Designers and clients looking for low carbon footprint British products for their hard landscaping projects are this month (May) being given an impressive new resource to help them find what they are looking for.
It is at the headquarters of the British Geological Survey (BGS) at Keyworth, near Nottingham. The BGS site has been redeveloped and part of that work has been to include the geological timeline pathway constructed from the stones of the British Isles. It is supremely relevant to the Geological Survey but it could not have happened without the co-operation and generosity of the UK quarry companies supplying hard landscaping.
Concrete paving was being considered, but geologists at the BGS and the enthusiasm of some in the stone industry won the day.
The timeline has been created by the BGS in conjunction with stone hard landscaping specialist CED, which has depots around the country and is headquartered in Grays, Essex. Between them, the BGS and CED have gone to great lengths to ensure that the timeline really does represent the rocks of the British Isles, spanning more than 3,000million years.

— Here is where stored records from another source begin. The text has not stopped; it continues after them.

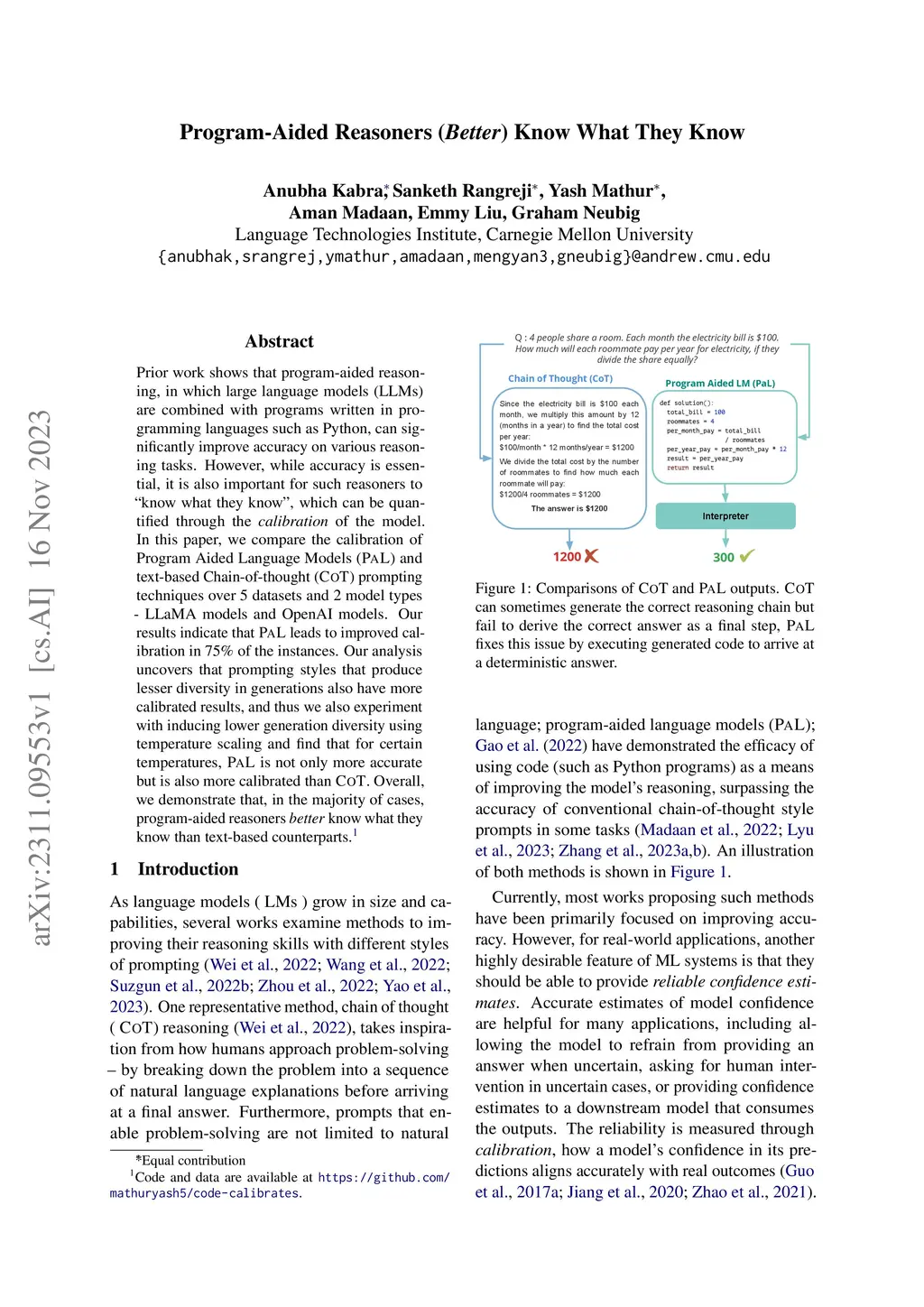 Prior work shows that program-aided reasoning, in which large language models (LLMs) are combined with programs written in programming languages such as Python, can significantly improve accuracy on various reasoning tasks. However, while accuracy is essential, it is also important for such reasoners to "know what they know", which can be quantified through the calibration of the model. In this paper, we compare the calibration of Program Aided Language Models (PAL) and text-based Chain-of-thought (COT) prompting techniques over 5 datasets and 2 model types: LLaMA models and OpenAI models. Our results indicate that PAL leads to improved calibration in 75% of the instances. Our analysis uncovers that prompting styles that produce lesser diversity in generations also have more calibrated results, and thus we also experiment with inducing lower generation diversity using temperature scaling and find that for certain temperatures, PAL is not only more accurate but is also more calibrated than COT. Overall, we demonstrate that, in the majority of cases, program-aided reasoners better know what they know than text-based counterparts.
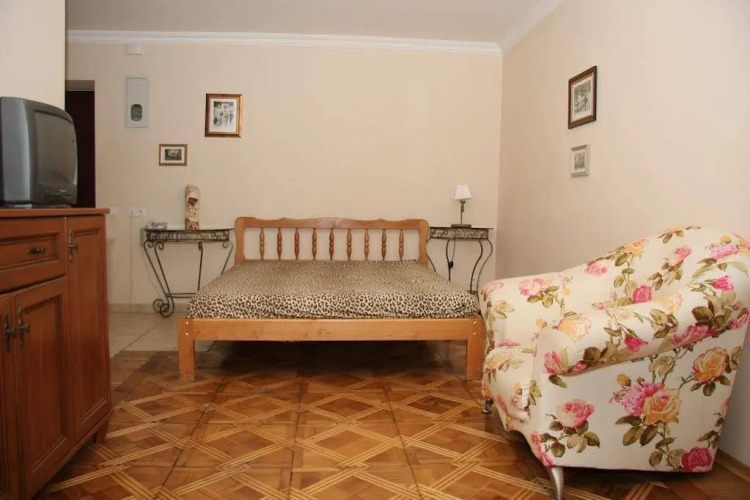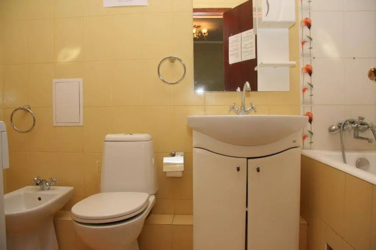 В номере вы найдёте телевизор и тапочки. Оснащение зависит от выбранной категории номера.
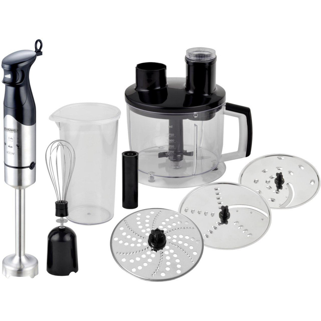 Стаціонарний блендер Grunhelm EBS-1151SB - потужний, надійний побутовий прилад який стане незамінним помічником на будь-якій кухні. Призначений для подрібнення, збивання, дроблення, змішування овочів і фруктів, приготування коктейлів і т. Д. Блендер обладнаний електромотором потужністю 1150Вт, що дозволяє легко справляючись з поставленими завданнями. Ніжка блендера і блок двигуна виготовлені з удароміцного пластика, а ріжучий елемент з високоякісної нержавіючої сталі. Серед особливих відмінностей варто відзначити плавне регулювання швидкості, наявність чаші подрібнювача з нержавіючими ножами і двостороннього диска-терки, що значно розширюють функціонал даної моделі. Всі вище перераховані якості роблять покупку даного блендера розумним і економічним рішенням. ОСОБЛИВОСТІ: низький рівень шуму; подрібнювач; двостороння насадка-терка; два швидкісних режиму; плавне регулювання швидкості; мультифункціональність; простота в експлуатації. КОМПЛЕКТАЦІЯ: блендер Grunhelm EBS-1151SB; мірний стакан; подрібнювач; насадка віночок; диск-терка; інструкція з експлуатації; картонна упаковка.
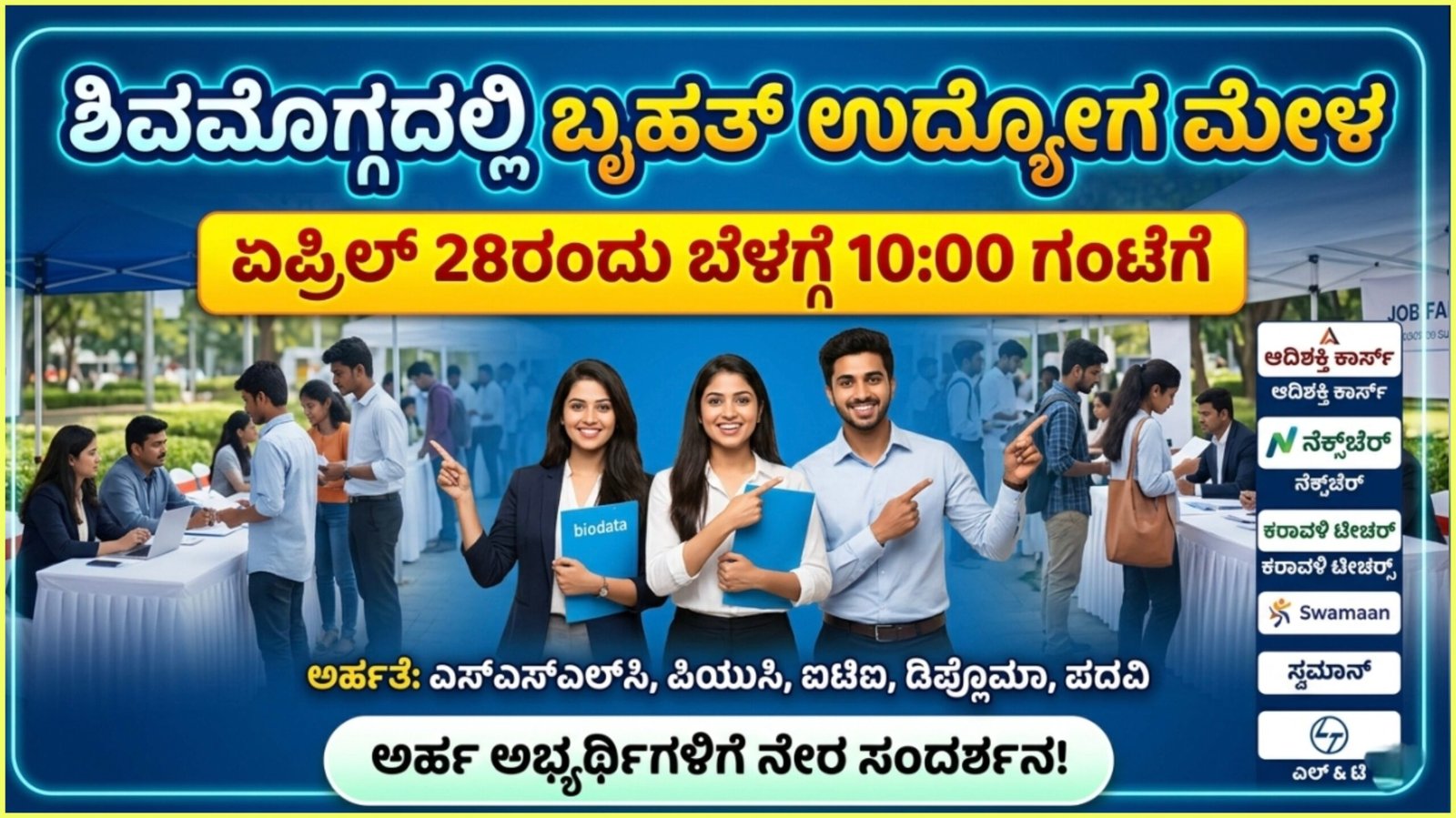 ಶಿವಮೊಗ್ಗದಲ್ಲಿ ಏಪ್ರಿಲ್ 28ರಂದು ಉದ್ಯೋಗ ಮೇಳ – ವಿವಿಧ ಕಂಪನಿಗಳಿಂದ ನೇರ ಸಂದರ್ಶನ
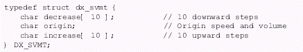 。。速度/音量調(diào)節(jié)表(DX_SVMT)數(shù)據(jù)結(jié)構(gòu)有21個代表不同級別的速度和音量的條目,用于指定信道的速度或者音量調(diào)節(jié)的變化率。這些值可以設(shè)置或者用dx_setsvmt()和dx_getsvmt()從表中取值。
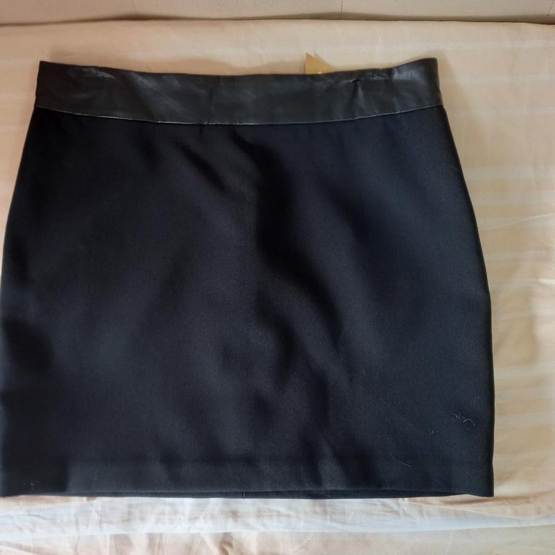 Чорна спідниця з поясом зі штучної шкіри.тканина плотна ,склад: поліестер,віскоа і еластан.Заміри :об.тал. 40см., об бедер52см., довжина 42см.
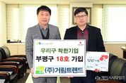 케이시사타임즈 관리자 기자 | 부평구는 20일 지역사회 나눔문화 확산에 앞장서 온 ㈜거림트렌드가 ‘우리구 착한기업 18호’로 가입했다고 밝혔다. 거림트렌드는 부평구 청천동에 소재한 섬유·의류 제조 기업으로 2017년부터 현재까지 부평구와 인연을 이어오고 있다. 매월 김치 5kg 12박스 정기 후원과 51만원의 성금을 꾸준히 기탁해 관내 저소득 취약계층 17명에게 3만원씩 정기적으로 지원하고 있다. 앞서 송명섭 거림트렌드 대표는 지역사회 나눔에 헌신해 온 공로를 인정받아 2025년 구민의 날 기념식에서 ‘구민상 특별상’을 수상한 바 있다. 구관계자는 “거림트렌드는 묵묵히 이웃을 돕는 기업”이라며 “나눔의 문화가 지역사회에 선한 영향을 미칠 수 있도록 부평구도 함께 노력하겠다”고 말했다. 착한기업 가입에 관한 자세한 사항은 구 복지정책과로 문의하면 된다. 한편, ‘우리구 착한기업’은 부평구와 인천사회복지공동모금회가 함께 추진하는 지역 나눔 실천 캠페인으로, 정기적으로 사회공헌 활동을 펼치는 기업을 착한기업으로 선정해 현판을 수여하는 제도이다.
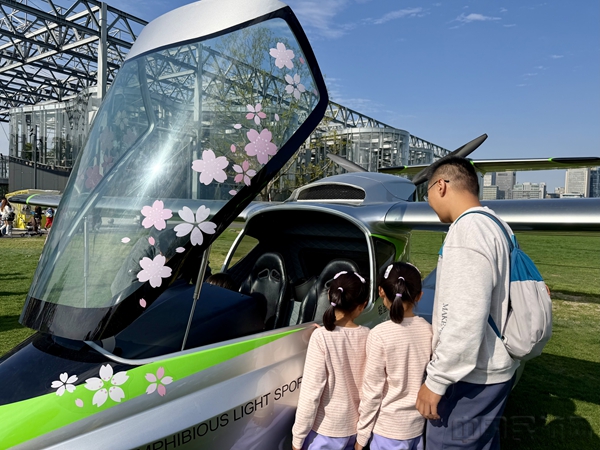 在位于双子山脚下的星光草坪主展区,eVTOL(电动垂直起降飞行器)、水陆两栖飞机、轻型运动飞机等形态各异的航空器一字排开。与一般航展不同,本次嘉年华采用开放式陈列的方式。市民不仅能够近距离触摸机身、观察细节,还可以登机打卡、坐进驾驶舱,与现场技术人员交流飞行原理与应用场景。
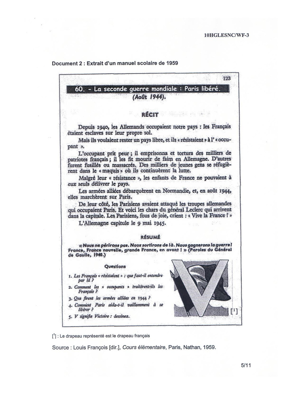 Bac ES-L Histoire Géographie Nouvelle-Calédonie 2010 (Session de remplacement) - Sujet
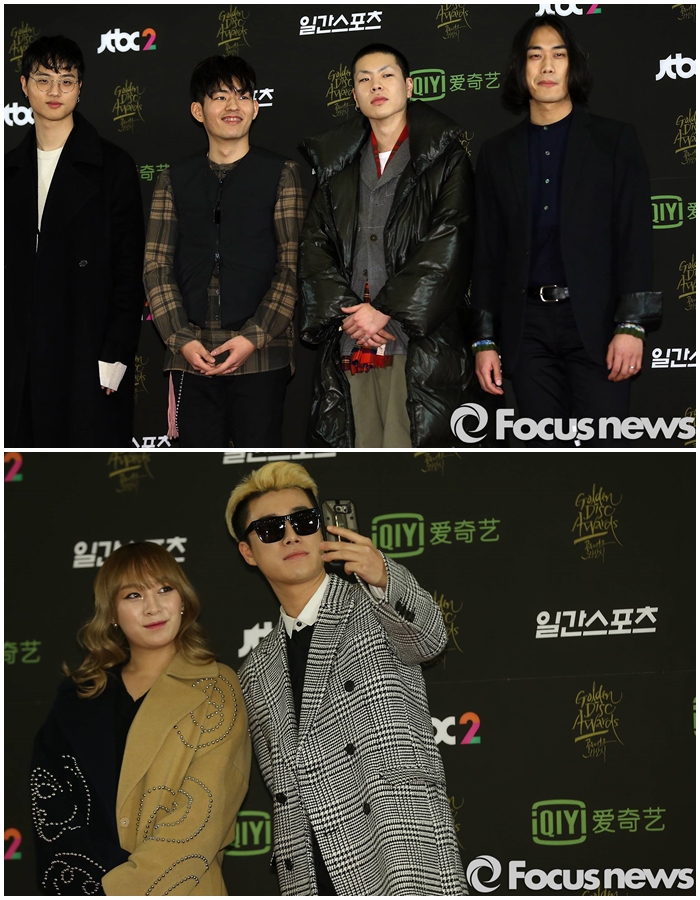 ‘골든디스크’는 음원과 음반 판매량을 기준으로 지난 한해(2014년 11월~2015년 11월 집계 기간) 동안 가장 사랑 받은 대중음악과 가수를 선정하는 시상식이다. 20일과 21일 양일에 걸쳐 디지털 음원 대상과 음반 대상으로 나뉘어 시상한다.(서울=포커스뉴스) 20일 서울 동대문구 경희대학교 평화의 전당에서 열린 제 30회 골든디스크 시상식에 참석한 밴드 혁오(위)와 래퍼 산이가 포토타임을 갖고 있다. 2016.01.20 김유근 기자
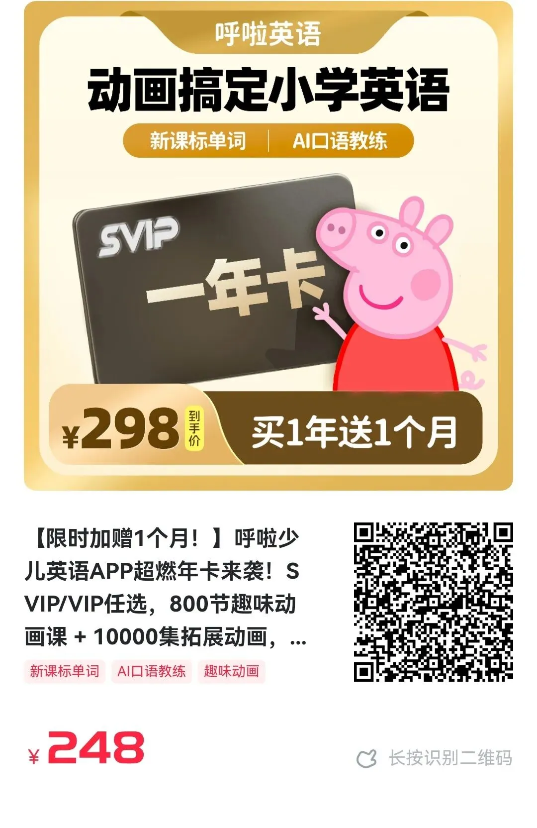 【限时加赠1个月!】呼啦少儿英语APP超燃年卡来袭!

The 1,200m2 timeline includes the oldest to the youngest rocks of the United Kingdom, beginning 3billion years ago at the Pre-Cambrian with Lewisian Gneiss. It continues through the Cambrian (Welsh slate), the Ordovician and Silurian (Cumbrian slates), the Devonian (Cornish slate and Caithness flagstone), the Carboniferous (York stone and Pennant sandstones), Permian and Triassic (sandstones from Dumfriesshire and Morayshire), the Jurassic and Cretaceous (respectively Blue Lias and Purbeck limestones), and the most recent rocks from the Cenozoic or Tertiary (Mourne granite from Northern Ireland).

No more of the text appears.